§ **To do**
Reproduce only what runs from the line containing "Mobil und ortsunabhängig" to the line containing "Schlafzimmer: 1 Doppelbett" in the records below, inclusive. Keep it exact, and keep the pictures out.

§ **Data in this exercise**

%%

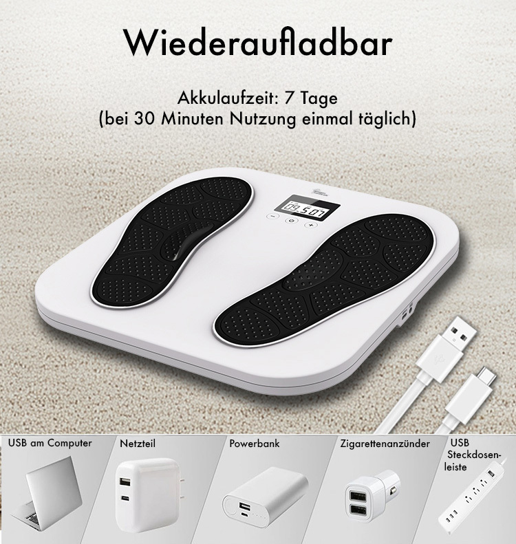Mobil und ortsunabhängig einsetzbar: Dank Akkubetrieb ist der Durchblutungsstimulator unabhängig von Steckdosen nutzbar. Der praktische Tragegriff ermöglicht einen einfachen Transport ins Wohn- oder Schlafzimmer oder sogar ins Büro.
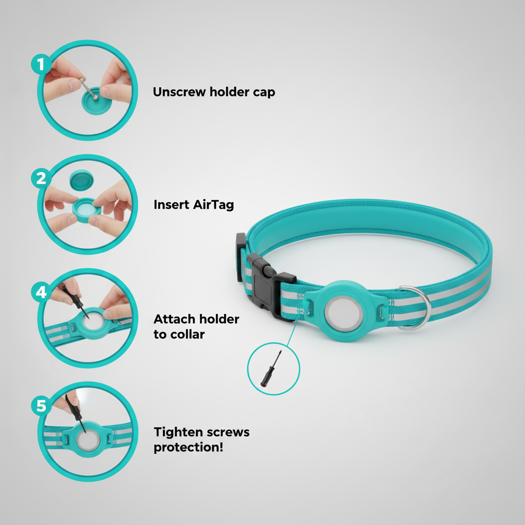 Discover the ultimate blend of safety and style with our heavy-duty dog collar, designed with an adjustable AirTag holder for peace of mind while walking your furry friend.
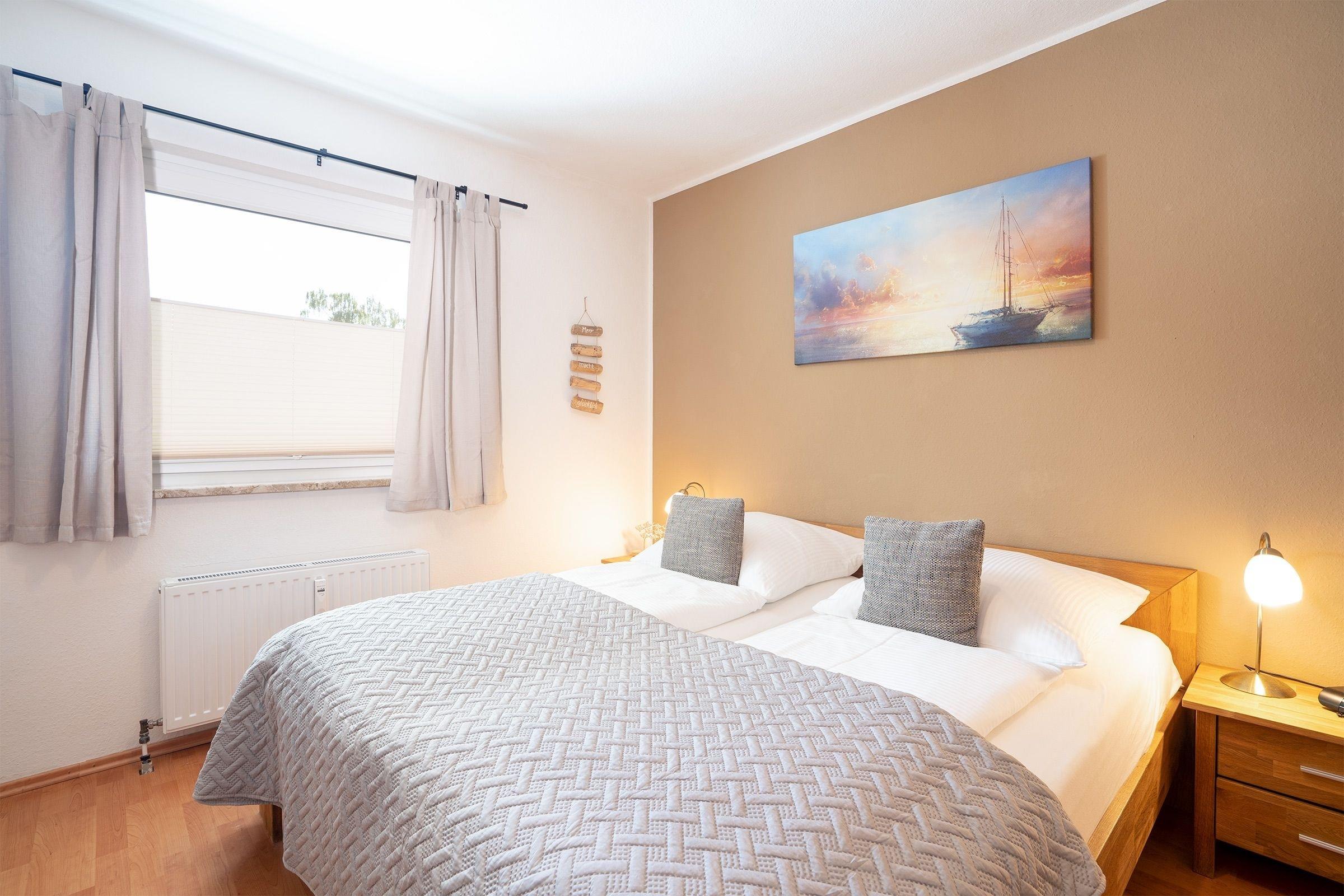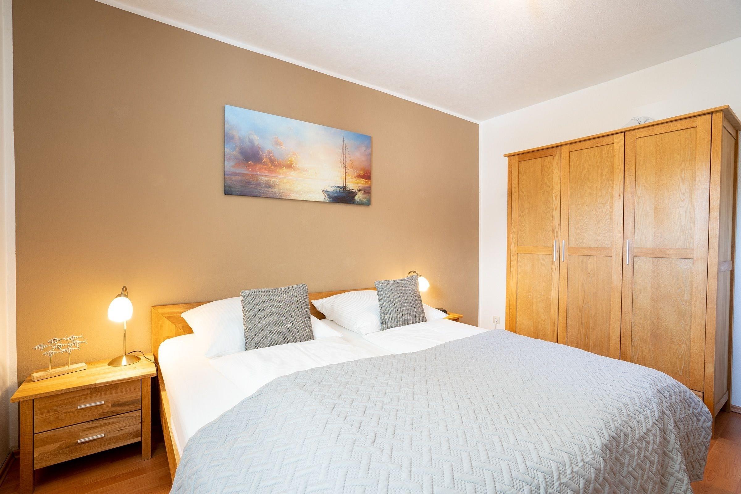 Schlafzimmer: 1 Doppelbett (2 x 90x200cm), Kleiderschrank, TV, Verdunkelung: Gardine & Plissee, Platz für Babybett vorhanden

%%
%%

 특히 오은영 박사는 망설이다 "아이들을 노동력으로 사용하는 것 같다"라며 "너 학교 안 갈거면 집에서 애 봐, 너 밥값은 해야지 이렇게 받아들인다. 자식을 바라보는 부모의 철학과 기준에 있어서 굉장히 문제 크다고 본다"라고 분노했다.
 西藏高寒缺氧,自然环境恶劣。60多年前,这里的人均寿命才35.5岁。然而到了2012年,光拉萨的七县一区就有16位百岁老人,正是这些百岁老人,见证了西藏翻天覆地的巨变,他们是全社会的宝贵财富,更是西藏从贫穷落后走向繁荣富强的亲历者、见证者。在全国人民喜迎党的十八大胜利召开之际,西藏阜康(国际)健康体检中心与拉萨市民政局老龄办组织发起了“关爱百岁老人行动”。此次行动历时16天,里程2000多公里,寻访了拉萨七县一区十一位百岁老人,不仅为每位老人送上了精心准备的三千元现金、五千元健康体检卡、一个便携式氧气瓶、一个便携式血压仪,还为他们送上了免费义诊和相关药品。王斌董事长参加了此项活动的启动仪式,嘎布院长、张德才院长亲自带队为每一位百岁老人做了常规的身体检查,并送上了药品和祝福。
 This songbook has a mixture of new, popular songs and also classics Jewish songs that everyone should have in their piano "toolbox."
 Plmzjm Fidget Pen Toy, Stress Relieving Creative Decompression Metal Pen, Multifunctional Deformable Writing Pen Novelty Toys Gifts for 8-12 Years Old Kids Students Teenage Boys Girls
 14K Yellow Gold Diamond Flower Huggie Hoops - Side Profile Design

%%

§ **Task answer**
Mobil und ortsunabhängig einsetzbar: Dank Akkubetrieb ist der Durchblutungsstimulator unabhängig von Steckdosen nutzbar. Der praktische Tragegriff ermöglicht einen einfachen Transport ins Wohn- oder Schlafzimmer oder sogar ins Büro.
 Discover the ultimate blend of safety and style with our heavy-duty dog collar, designed with an adjustable AirTag holder for peace of mind while walking your furry friend.
 Schlafzimmer: 1 Doppelbett (2 x 90x200cm), Kleiderschrank, TV, Verdunkelung: Gardine & Plissee, Platz für Babybett vorhanden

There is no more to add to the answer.